> **Work required**
With the pictures left out, retype exactly the lines below starting at the line that contains "Het zitgedeelte van" and ending at the line that contains "贝蒂乐汽车儿童安全座椅0-4".

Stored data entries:
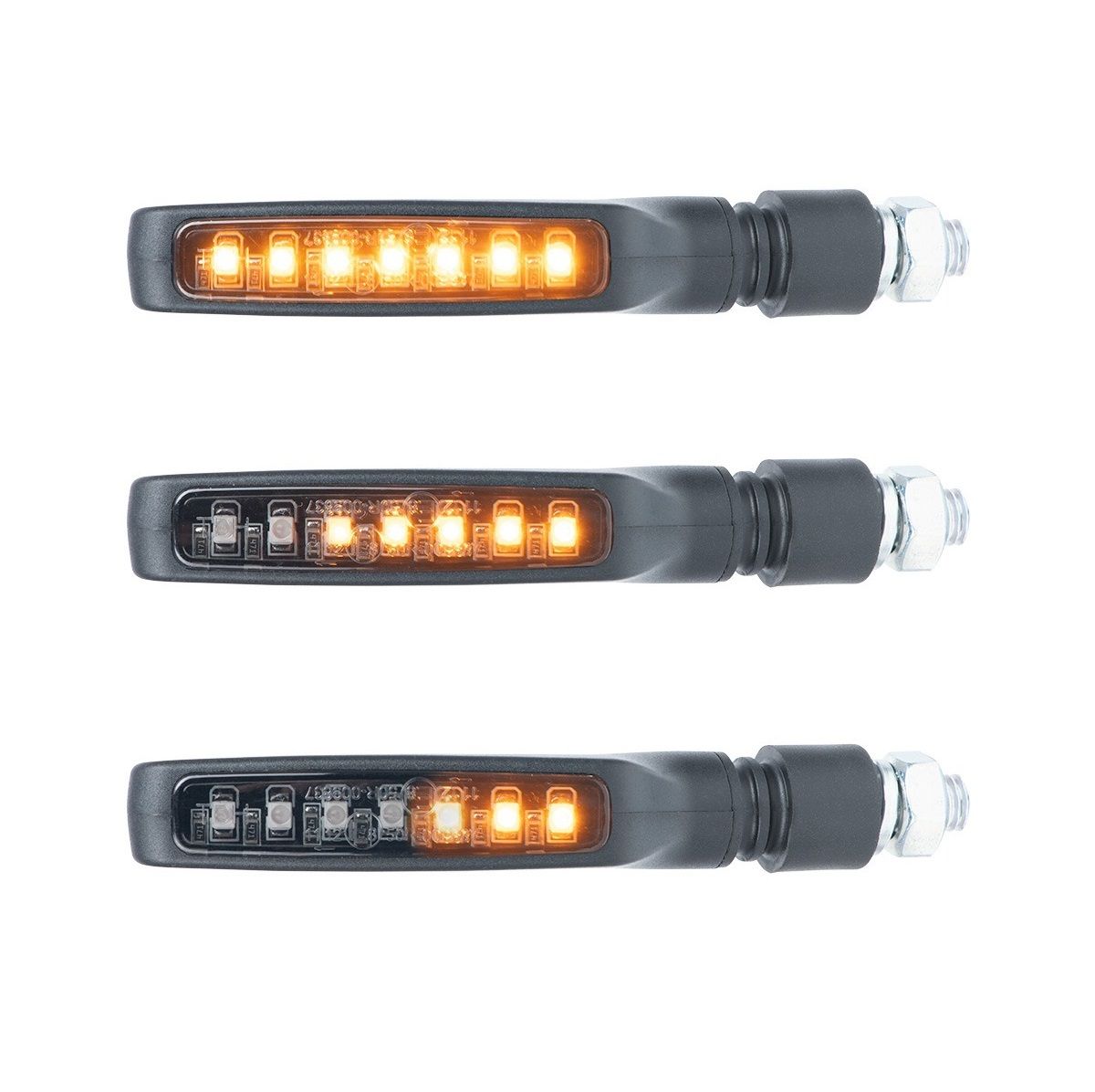 Sekvenčné LED smerovky Nightglider značky OXFORD sú osadné 7-mimi extra svietivými LED diódami so zatmaveným sklíčkom, disponujú kvalitným robustným plášťom v čiernom matnom prevedení a sú homologizované pre použitie v krajinách EÚ. Sada obsahuje 1 pár smeroviek a 1 pár odporov. Napätie je 12V, príkon 2W a rozmery 116 x 16 x 25 mm.
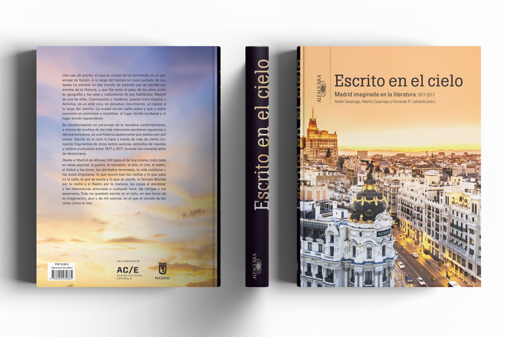 Escrito en el cielo es un libro en el que ZAC ha participado en todas sus etapas de producción, desde la idea original, que surgió al ser Madrid elegida ciudad invitada de honor en la Feria Internacional del Libro de Guadalajara de 2017, hasta su impresión, pasando por la selección y edición de los textos (en colaboración con Martín Casariego y Fernando R. Lafuente). El resultado final es fiel a lo inicialmente imaginado: que a través de 154 fragmentos de relatos y novelas ya publicados, de otros tantos escritores, se mostrara la vida de una ciudad, la interior y la exterior, la íntima y la pública, su aspecto, su historia, las oportunidades que brinda, los espectáculos que ofrece, sus cafés, estadios, museos, bares y calles.
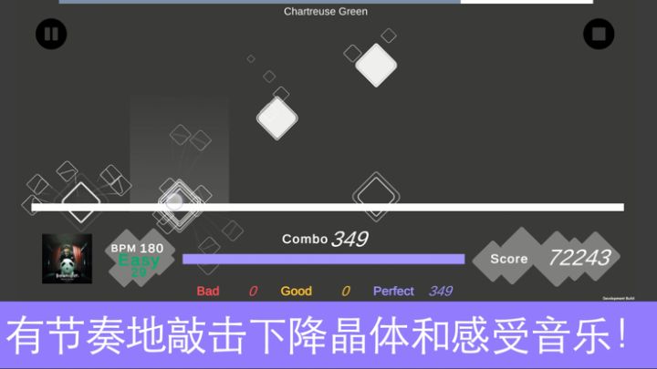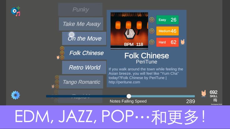 每个音乐都有自己的三个难度级别播放(简单,中等和困难)。初学者,节奏游戏有经验的球员,每个人都将能享受到游戏。
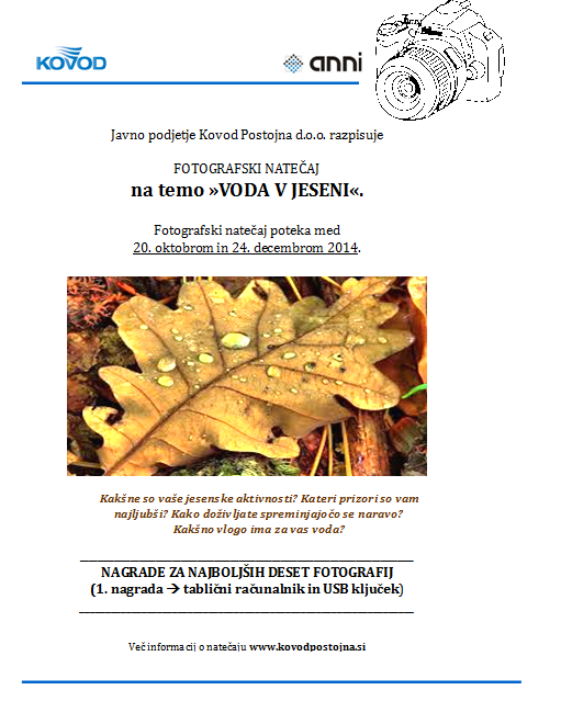 - Fotografski natečaj je namenjen uporabnikom Javnega podjetja Kovod Postojna d.o.o., torej občanom občin Postojna in Pivka.
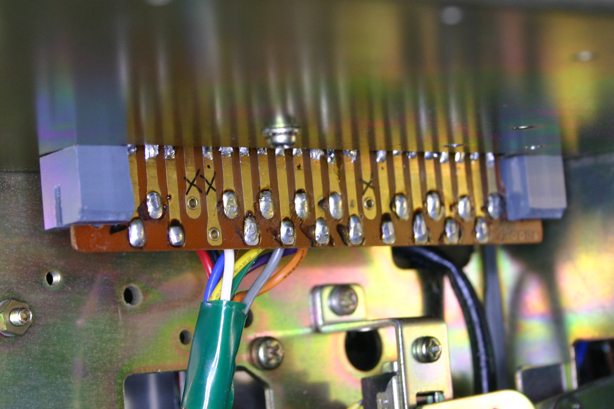 Tjonge die connector zat daar niet voor niets. Nu de draden op de steekprint gesoldeerd zijn zit het wel allemaal erg strak. Die print flubbert fijn tegen het chassis en de isolatietape begint alweer los te laten.
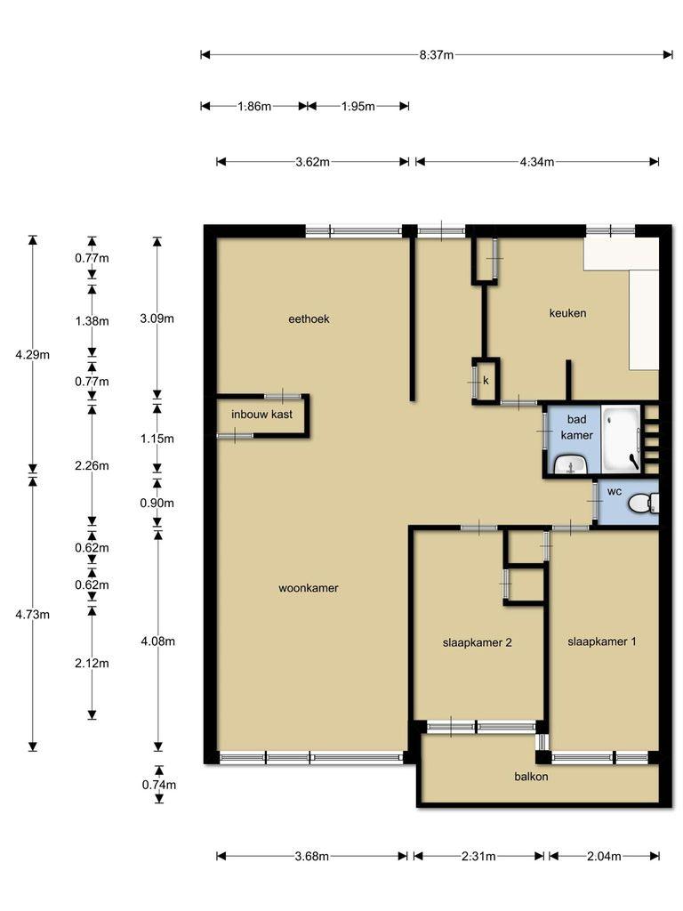 Het zitgedeelte van de woonkamer kan eenvoudig worden omgevormd tot een extra slaapkamer; oorspronkelijk was dit ook zo ingedeeld. Vrijwel het gehele appartement is voorzien van een laminaatvloer. In zowel de woonkamer als beide slaapkamers is een inbouwkast aanwezig. Via de tweede slaapkamer heeft u toegang tot het balkon, vanwaar u uitzicht heeft over de omgeving, de Ringbaan en Westpoint.
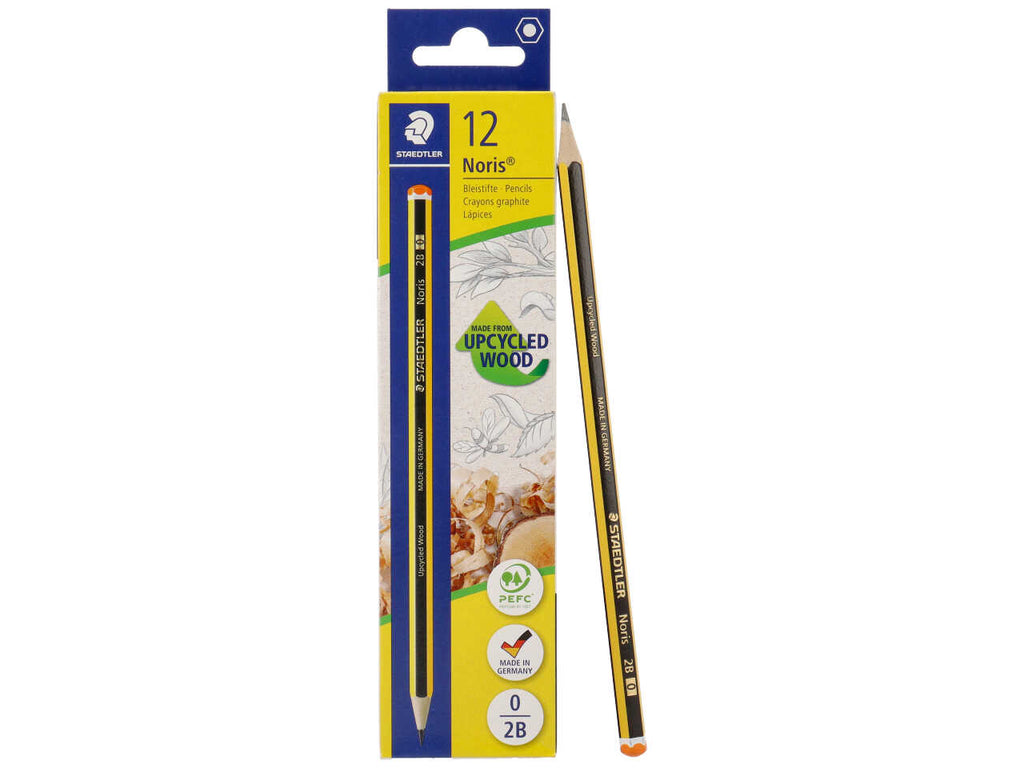 Matita noris 2b in grafite, forma esagonale, testa arancione 12 pezzi colore giallo-nero brand staedtler.
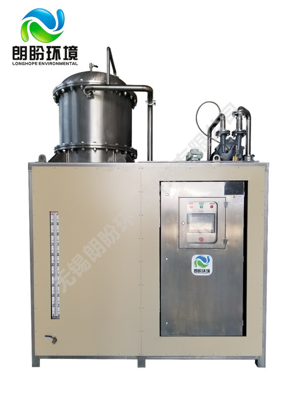 熱泵濃縮蒸發(fā)器的原理是物料的沸點隨著壓強的降低而降低。低溫節(jié)能濃縮設備整體保持真空狀態(tài),濃縮室的真空度約為95%~97%,在此壓強下水的沸點為35℃~37℃,系統(tǒng)無需配備進料泵,利用蒸發(fā)室的負壓將物料吸進蒸發(fā)室,通過強制循環(huán)方式將物料循環(huán)霧化,傳輸至換熱器上,物料中水分被蒸發(fā),物料連續(xù)循環(huán)霧化,通過蒸發(fā)室液位自動補料,濃度達到要求后作為濃縮液排出設備。濃縮液一般粘度較大,需采用泵抽出。
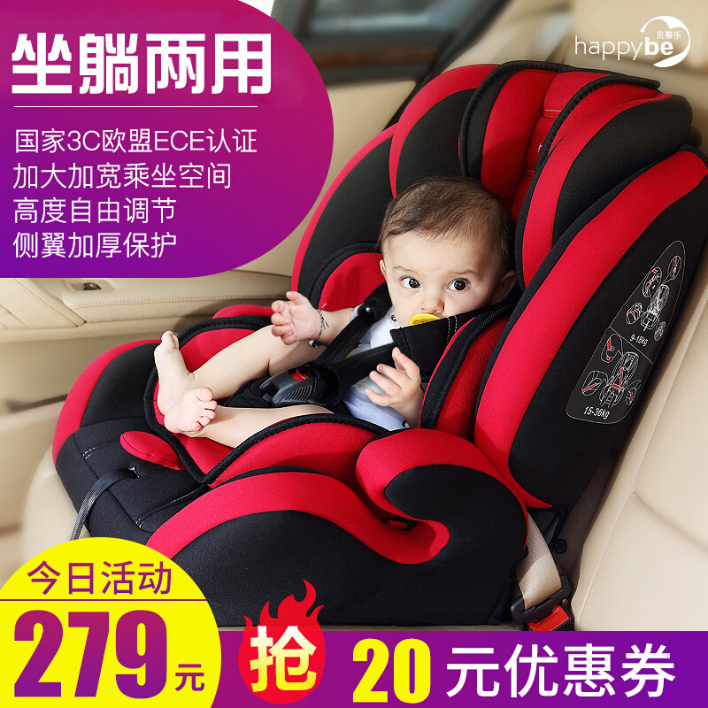 贝蒂乐汽车儿童安全座椅0-4-12岁宝宝婴儿小孩车载安全椅可坐躺简易折叠便携增高垫 红黑色
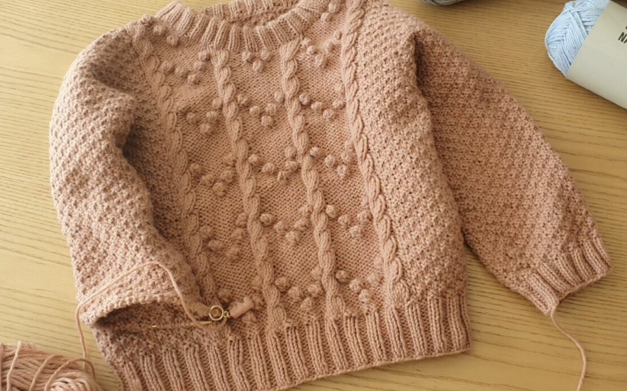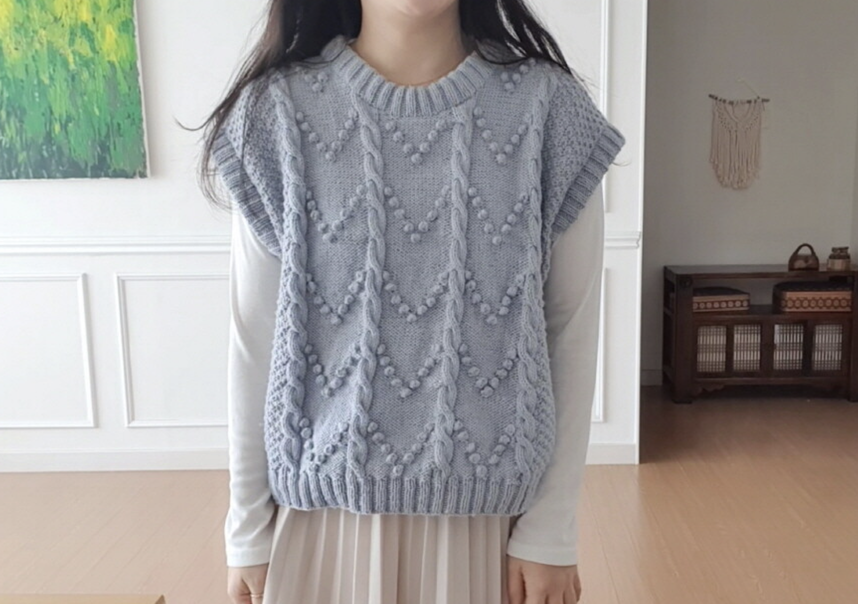몽글몽글한 팝콘 뜨기 기법이 들어가 있어 입었을 때 얼굴이 화사해 보이는 효과가 있어요.

> **Result for this exercise**
 Het zitgedeelte van de woonkamer kan eenvoudig worden omgevormd tot een extra slaapkamer; oorspronkelijk was dit ook zo ingedeeld. Vrijwel het gehele appartement is voorzien van een laminaatvloer. In zowel de woonkamer als beide slaapkamers is een inbouwkast aanwezig. Via de tweede slaapkamer heeft u toegang tot het balkon, vanwaar u uitzicht heeft over de omgeving, de Ringbaan en Westpoint.
 Matita noris 2b in grafite, forma esagonale, testa arancione 12 pezzi colore giallo-nero brand staedtler.
 熱泵濃縮蒸發(fā)器的原理是物料的沸點隨著壓強的降低而降低。低溫節(jié)能濃縮設備整體保持真空狀態(tài),濃縮室的真空度約為95%~97%,在此壓強下水的沸點為35℃~37℃,系統(tǒng)無需配備進料泵,利用蒸發(fā)室的負壓將物料吸進蒸發(fā)室,通過強制循環(huán)方式將物料循環(huán)霧化,傳輸至換熱器上,物料中水分被蒸發(fā),物料連續(xù)循環(huán)霧化,通過蒸發(fā)室液位自動補料,濃度達到要求后作為濃縮液排出設備。濃縮液一般粘度較大,需采用泵抽出。
 贝蒂乐汽车儿童安全座椅0-4-12岁宝宝婴儿小孩车载安全椅可坐躺简易折叠便携增高垫 红黑色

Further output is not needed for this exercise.